WORK TO COMPLETE –
A faithful transcription of all the data, images excluded, is the required answer.

MATERIAL PROVIDED –

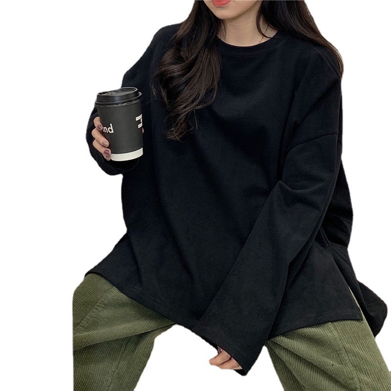 | nameOriginal | 2023 autumn split solid color long-sleeved T-shirt women's fashion bottoming shirt Korean style fashionable student outer wear loose top women |
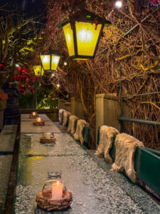 Every November, the restaurant’s courtyard is transformed into a magical Christmas Wonderland with twinkling lights, red baubles, festive atmosphere and unique charm in the heart of Salzburg’s Old Town. Tables are decked out with candles and fir branches.
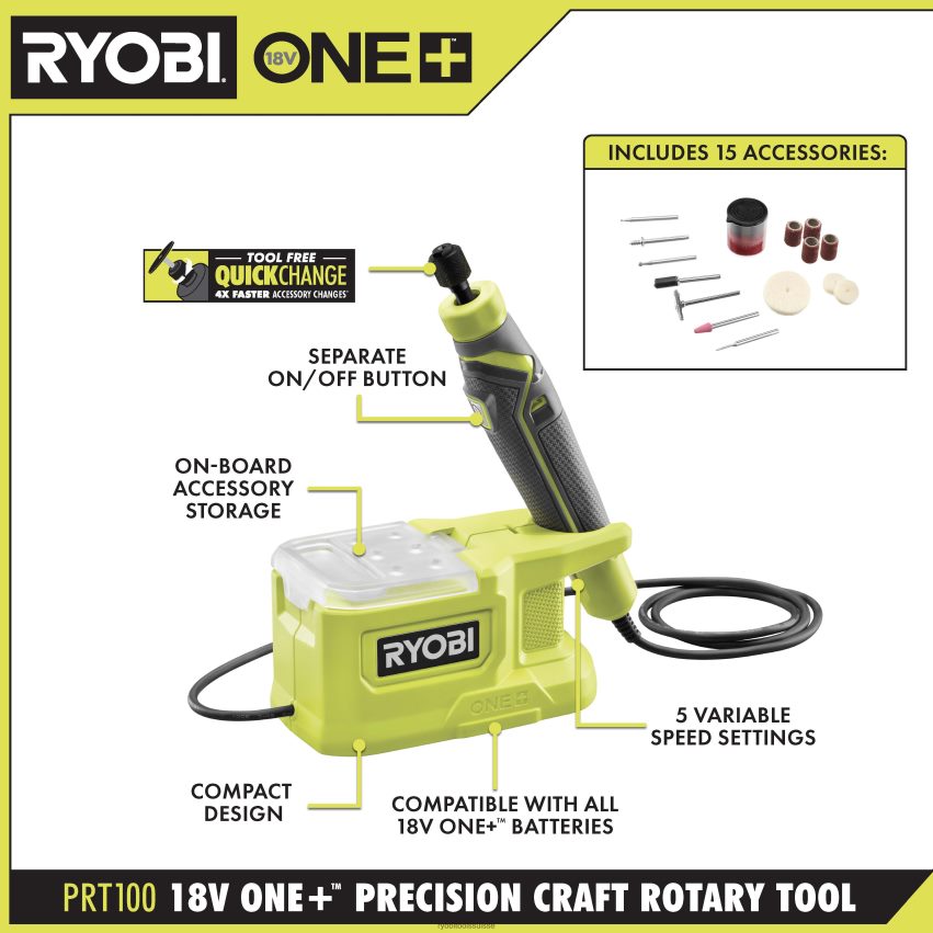 étendez votre système d’outils Ryobi 18v one+ avec l’outil rotatif de précision prt100. la commodité sans fil de cet outil rotatif de précision permet à l’utilisateur de se déplacer là où se trouve son prochain projet plutôt que de se soucier de l’endroit où trouver la prise et la rallonge les plus proches. Les 5 réglages de vitesse variable de l’outil rotatif de précision offrent aux utilisateurs un contrôle et une précision maximum avec des performances améliorées. cet outil rotatif est également équipé de la nouvelle pince à changement rapide innovante avec des changements d’accessoires 4 fois plus rapides, ce qui rend le changement d’accessoires rapide et facile. les 12 accessoires inclus offrent la possibilité de réaliser une grande variété d’applications de précision et légères telles que la gravure sur métal, la sculpture complexe sur bois, la gravure sur verre, le polissage et d’autres projets d’artisanat. le sur-Le rangement du compartiment pour accessoires de planche offre un moyen pratique de rester organisé et de garder vos accessoires à proximité pour plus de commodité. la batterie et le chargeur inclus sont compatibles avec tous les outils Ryobi 18v one+. Bénéficiant de la garantie fabricant Ryobi de 3 ans, l’outil rotatif de précision comprend 12 accessoires de gravure, de sculpture, de ponçage, de polissage et de nettoyage, ainsi qu’un manuel d’utilisation.

EXERCISE RESPONSE –
 | nameOriginal | 2023 autumn split solid color long-sleeved T-shirt women's fashion bottoming shirt Korean style fashionable student outer wear loose top women |
 Every November, the restaurant’s courtyard is transformed into a magical Christmas Wonderland with twinkling lights, red baubles, festive atmosphere and unique charm in the heart of Salzburg’s Old Town. Tables are decked out with candles and fir branches.
 étendez votre système d’outils Ryobi 18v one+ avec l’outil rotatif de précision prt100. la commodité sans fil de cet outil rotatif de précision permet à l’utilisateur de se déplacer là où se trouve son prochain projet plutôt que de se soucier de l’endroit où trouver la prise et la rallonge les plus proches. Les 5 réglages de vitesse variable de l’outil rotatif de précision offrent aux utilisateurs un contrôle et une précision maximum avec des performances améliorées. cet outil rotatif est également équipé de la nouvelle pince à changement rapide innovante avec des changements d’accessoires 4 fois plus rapides, ce qui rend le changement d’accessoires rapide et facile. les 12 accessoires inclus offrent la possibilité de réaliser une grande variété d’applications de précision et légères telles que la gravure sur métal, la sculpture complexe sur bois, la gravure sur verre, le polissage et d’autres projets d’artisanat. le sur-Le rangement du compartiment pour accessoires de planche offre un moyen pratique de rester organisé et de garder vos accessoires à proximité pour plus de commodité. la batterie et le chargeur inclus sont compatibles avec tous les outils Ryobi 18v one+. Bénéficiant de la garantie fabricant Ryobi de 3 ans, l’outil rotatif de précision comprend 12 accessoires de gravure, de sculpture, de ponçage, de polissage et de nettoyage, ainsi qu’un manuel d’utilisation.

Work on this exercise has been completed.